On Tue, Apr 25, 2023 at 08:20:52AM -0700, Darrick J. Wong wrote:
> On Sat, Apr 22, 2023 at 08:24:40AM +1000, Dave Chinner wrote:
> > From: Dave Chinner <dchinner@xxxxxxxxxx>
> > 
> > On a filesystem with a non-zero stripe unit and a large sequential
> > write, delayed allocation will set a minimum allocation length of
> > the stripe unit. If allocation fails because there are no extents
> > long enough for an aligned minlen allocation, it is supposed to
> > fall back to unaligned allocation which allows single block extents
> > to be allocated.
> > 
> > When the allocator code was rewritting in the 6.3 cycle, this
> > fallback was broken - the old code used args->fsbno as the both the
> > allocation target and the allocation result, the new code passes the
> > target as a separate parameter. The conversion didn't handle the
> > aligned->unaligned fallback path correctly - it reset args->fsbno to
> > the target fsbno on failure which broke allocation failure detection
> > in the high level code and so it never fell back to unaligned
> > allocations.
> > 
> > This resulted in a loop in writeback trying to allocate an aligned
> > block, getting a false positive success, trying to insert the result
> > in the BMBT. This did nothing because the extent already was in the
> > BMBT (merge results in an unchanged extent) and so it returned the
> > prior extent to the conversion code as the current iomap.
> > 
> > Because the iomap returned didn't cover the offset we tried to map,
> > xfs_convert_blocks() then retries the allocation, which fails in the
> > same way and now we have a livelock.
> > 
> > Reported-by: Brian Foster <bfoster@xxxxxxxxxx>
> > Fixes: 85843327094f ("xfs: factor xfs_bmap_btalloc()")
> > Signed-off-by: Dave Chinner <dchinner@xxxxxxxxxx>
> 
> Insofar as this has revealed a whole ton of *more* problems in mkfs,
> Reviewed-by: Darrick J. Wong <djwong@xxxxxxxxxx>

Thanks, I've added this to for-next and I'll include it in the pull
req to Linus tomorrow because I don't want expose everyone using
merge window kernels to this ENOSPC issue even for a short while.

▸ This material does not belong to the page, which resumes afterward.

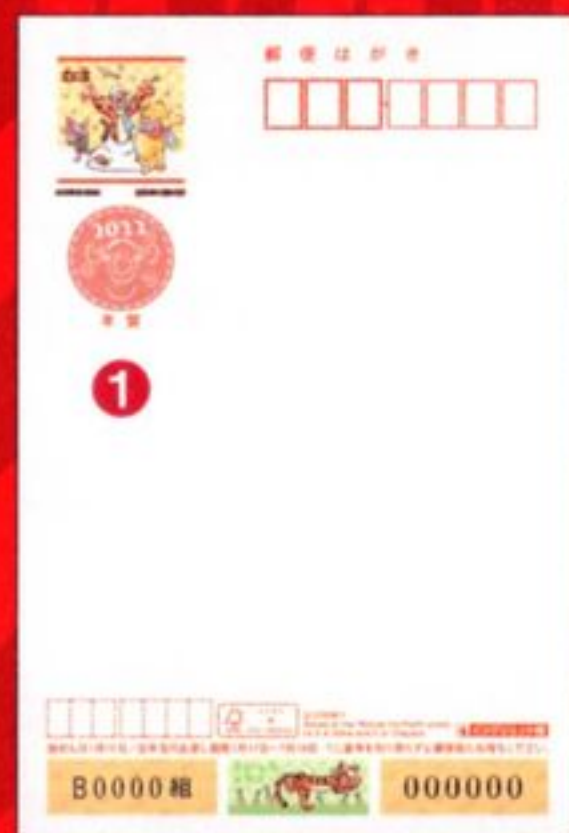
① ディズニー 年賀(インクジェット紙) 63円 *うら面は無地です。

> Specifically: if I set su=128k,sw=4, some tests will try to format a
> 512M filesystem.  This results in an 8-AG filesystem with a log that
> fills up almost but not all of an entire AG.  The AG then ends up with
> an empty bnobt and an empty AGFL, and 25 missing blocks...

I used su=64k,sw=2 so I didn't see those specific issues. Mostly I
see failures due to mkfs warnings like this:

    +Warning: AG size is a multiple of stripe width.  This can cause performance
    +problems by aligning all AGs on the same disk.  To avoid this, run mkfs with
    +an AG size that is one stripe unit smaller or larger, for example 129248.

> ...oh and the new test vms that run this config failed to finish for
> some reason.  Sigh.

Yeah, I've had xfs_repair hang in xfs/155 a couple of times. Killing
the xfs_repair process allows everything to keep going. I suspect
it's a prefetch race/deadlock...

-Dave.

-- 
Dave Chinner
david@xxxxxxxxxxxxx